How do other minor cannabinoids and terpenes factor in? Is this a factor in CannibiSenS?  
This is an ongoing effort. [Cannabis consumption] is actually a very complex and heterogeneous response profile. If you can add them all in, then we can truly give you a total profile of psychoactivity and when the signal will start to drop.

We’re not yet there, but you are kind of, in a sense, reading my mind.

With a 94 percent accuracy, is that enough to qualify as a viable DWI test option, or are improvements required?
More than accuracy, we have to focus on precision. Can we hit that 94 percent consistently across the heterogeneity in a population? That has to be resolved. And that level of precision in the testing is important as long as you can maintain that accuracy of the 94 percent.

Yes, there is that error of six percent. How do you factor that out? Is that something that would require a second test? Where exactly is that error coming from? Resolving those issues are critical if such a test has to be adopted for something like a DWI. 

You have to build precision into it. But this is the first device that actually shows promise. Because in reality, you’ve done nothing to dilute the saliva. You’re using it exactly as it is. And that means that realistically, that sensor interface has both the sensitivity as well as the specificity for the target. 

Now it’s a matter of engineering in intelligence to be further able to resolve those thresholds. So, I see this as an opportunity, but I don’t see that as the only use case. Ultimately the tool is agnostic to the application and you want this to work for whatever use.I think most of the need right now first is in medical use. 
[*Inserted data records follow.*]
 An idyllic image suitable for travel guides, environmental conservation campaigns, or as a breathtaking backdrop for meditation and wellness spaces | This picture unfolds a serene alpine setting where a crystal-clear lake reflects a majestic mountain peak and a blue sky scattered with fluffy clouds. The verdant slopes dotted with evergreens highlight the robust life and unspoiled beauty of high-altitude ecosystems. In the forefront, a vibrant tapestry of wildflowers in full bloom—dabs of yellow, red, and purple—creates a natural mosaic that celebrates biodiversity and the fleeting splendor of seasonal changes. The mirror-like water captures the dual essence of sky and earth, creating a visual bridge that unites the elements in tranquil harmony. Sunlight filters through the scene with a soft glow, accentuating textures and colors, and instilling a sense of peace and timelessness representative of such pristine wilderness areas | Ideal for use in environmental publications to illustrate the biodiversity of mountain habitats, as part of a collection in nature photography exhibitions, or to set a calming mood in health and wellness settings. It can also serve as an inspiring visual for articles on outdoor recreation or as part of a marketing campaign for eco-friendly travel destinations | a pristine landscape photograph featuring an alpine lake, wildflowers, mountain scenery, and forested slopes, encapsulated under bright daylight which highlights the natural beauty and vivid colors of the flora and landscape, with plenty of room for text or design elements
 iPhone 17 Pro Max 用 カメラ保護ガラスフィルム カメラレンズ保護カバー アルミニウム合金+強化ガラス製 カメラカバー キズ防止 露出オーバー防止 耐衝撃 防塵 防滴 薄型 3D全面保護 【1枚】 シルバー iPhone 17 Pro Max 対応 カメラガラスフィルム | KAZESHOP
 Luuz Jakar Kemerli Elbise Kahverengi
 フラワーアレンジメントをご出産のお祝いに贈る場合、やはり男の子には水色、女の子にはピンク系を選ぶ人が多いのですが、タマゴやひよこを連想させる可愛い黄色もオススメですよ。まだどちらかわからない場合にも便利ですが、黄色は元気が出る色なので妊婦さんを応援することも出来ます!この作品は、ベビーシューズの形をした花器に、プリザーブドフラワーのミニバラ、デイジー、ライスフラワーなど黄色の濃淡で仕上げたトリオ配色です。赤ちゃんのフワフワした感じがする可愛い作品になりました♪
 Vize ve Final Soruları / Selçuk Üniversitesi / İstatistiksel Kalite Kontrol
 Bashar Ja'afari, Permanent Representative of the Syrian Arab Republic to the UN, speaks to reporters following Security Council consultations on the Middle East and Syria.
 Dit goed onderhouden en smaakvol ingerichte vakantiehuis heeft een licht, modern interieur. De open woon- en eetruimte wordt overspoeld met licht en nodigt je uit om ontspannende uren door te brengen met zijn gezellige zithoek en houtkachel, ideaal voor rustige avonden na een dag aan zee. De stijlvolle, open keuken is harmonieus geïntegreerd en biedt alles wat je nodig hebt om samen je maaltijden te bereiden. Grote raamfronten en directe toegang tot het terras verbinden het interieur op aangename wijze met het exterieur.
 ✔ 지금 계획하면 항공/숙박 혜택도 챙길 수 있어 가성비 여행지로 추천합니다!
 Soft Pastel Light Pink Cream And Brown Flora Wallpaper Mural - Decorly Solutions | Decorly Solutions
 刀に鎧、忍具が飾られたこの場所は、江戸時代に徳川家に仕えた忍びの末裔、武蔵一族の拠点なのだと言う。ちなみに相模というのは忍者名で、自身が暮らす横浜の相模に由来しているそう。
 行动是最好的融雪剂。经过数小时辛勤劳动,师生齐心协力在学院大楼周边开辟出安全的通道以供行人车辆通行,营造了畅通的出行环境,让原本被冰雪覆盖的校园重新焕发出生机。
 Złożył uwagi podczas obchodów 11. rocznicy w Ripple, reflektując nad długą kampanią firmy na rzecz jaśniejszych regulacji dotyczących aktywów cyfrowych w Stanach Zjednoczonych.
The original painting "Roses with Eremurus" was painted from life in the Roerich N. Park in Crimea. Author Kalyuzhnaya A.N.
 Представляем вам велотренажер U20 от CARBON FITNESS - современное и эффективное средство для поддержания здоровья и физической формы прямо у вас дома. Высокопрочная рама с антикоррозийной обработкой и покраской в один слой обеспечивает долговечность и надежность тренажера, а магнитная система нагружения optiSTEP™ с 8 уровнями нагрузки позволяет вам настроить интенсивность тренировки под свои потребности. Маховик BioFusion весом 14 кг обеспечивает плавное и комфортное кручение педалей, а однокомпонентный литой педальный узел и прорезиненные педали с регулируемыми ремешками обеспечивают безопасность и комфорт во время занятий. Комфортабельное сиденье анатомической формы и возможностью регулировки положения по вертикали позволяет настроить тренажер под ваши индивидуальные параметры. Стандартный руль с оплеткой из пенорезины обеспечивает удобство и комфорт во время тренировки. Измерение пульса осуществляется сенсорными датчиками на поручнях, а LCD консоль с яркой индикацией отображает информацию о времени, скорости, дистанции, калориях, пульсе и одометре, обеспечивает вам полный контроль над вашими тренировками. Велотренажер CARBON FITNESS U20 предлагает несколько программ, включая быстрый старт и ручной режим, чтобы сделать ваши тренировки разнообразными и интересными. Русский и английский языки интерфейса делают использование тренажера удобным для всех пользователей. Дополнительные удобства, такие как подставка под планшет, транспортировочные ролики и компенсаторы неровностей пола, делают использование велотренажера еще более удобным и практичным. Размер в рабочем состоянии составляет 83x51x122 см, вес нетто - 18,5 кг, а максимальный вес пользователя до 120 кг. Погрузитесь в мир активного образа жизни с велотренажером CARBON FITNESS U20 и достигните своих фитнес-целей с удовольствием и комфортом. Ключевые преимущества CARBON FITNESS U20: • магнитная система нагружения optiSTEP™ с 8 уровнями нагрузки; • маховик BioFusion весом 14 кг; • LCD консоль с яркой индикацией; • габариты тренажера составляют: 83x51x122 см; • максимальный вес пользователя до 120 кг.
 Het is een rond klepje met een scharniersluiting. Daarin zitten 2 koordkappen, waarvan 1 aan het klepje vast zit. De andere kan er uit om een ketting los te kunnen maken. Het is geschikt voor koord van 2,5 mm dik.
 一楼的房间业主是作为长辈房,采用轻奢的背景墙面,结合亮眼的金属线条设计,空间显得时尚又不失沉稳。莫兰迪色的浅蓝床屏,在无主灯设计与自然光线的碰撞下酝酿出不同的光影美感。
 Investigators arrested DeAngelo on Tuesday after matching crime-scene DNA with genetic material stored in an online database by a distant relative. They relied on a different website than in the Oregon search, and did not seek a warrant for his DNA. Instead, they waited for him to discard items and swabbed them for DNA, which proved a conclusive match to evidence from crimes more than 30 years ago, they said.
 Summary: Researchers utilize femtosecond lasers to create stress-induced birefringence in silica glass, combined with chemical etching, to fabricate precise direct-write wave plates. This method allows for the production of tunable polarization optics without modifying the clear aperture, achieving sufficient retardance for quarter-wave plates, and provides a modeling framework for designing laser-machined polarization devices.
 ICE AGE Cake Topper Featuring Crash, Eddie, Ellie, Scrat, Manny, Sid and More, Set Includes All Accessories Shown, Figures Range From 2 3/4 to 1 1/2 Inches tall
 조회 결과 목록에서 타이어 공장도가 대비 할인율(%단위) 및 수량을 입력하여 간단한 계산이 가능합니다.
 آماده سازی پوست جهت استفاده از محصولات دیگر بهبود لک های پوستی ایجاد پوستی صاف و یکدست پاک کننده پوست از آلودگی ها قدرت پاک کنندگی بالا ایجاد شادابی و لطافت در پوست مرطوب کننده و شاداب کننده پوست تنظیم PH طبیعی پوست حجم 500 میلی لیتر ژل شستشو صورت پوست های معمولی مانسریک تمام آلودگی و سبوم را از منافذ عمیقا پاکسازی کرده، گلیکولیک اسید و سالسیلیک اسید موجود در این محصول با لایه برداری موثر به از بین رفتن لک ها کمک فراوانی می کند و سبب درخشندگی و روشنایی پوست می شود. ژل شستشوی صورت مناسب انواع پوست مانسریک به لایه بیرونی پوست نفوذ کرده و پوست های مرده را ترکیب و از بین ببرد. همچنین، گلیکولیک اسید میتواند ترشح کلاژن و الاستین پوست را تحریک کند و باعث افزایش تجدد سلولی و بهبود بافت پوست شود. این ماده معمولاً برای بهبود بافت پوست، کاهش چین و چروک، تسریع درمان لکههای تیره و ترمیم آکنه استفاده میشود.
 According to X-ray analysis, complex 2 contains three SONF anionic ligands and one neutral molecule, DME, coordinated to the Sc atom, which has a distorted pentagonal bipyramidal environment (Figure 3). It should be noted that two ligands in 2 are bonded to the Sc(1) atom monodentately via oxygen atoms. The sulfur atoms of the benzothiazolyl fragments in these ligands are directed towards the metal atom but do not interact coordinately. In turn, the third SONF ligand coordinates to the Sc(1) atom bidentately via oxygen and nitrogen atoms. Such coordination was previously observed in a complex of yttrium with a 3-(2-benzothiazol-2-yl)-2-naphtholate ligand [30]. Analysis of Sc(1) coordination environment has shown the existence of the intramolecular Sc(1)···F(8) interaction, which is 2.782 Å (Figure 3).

I think some people will see this news and immediately say, ‘They found a cannabis DWI test and everything is solved now.’ 
It’s not something I decide. It’s not a mouse trap at all. That’s not the purpose. And perhaps if there is a need and there is all the regulation that says you have to build that, then this could be used in that space.

What’s been the response since the news was announced?
We’ve gotten support from the perspective of people wanting to build out the capability, scale it up. Those kinds of business folks are always interested. There’s of course a little bit of chatter, asking if the device is a mouse trap. Then there is a lot more, especially from researchers who are working with cannabis in the context of medical diseases, where you’re trying to understand what dose to give, especially to pediatric patients or to very vulnerable populations. Can we adapt and use this tool to find those questions and answers?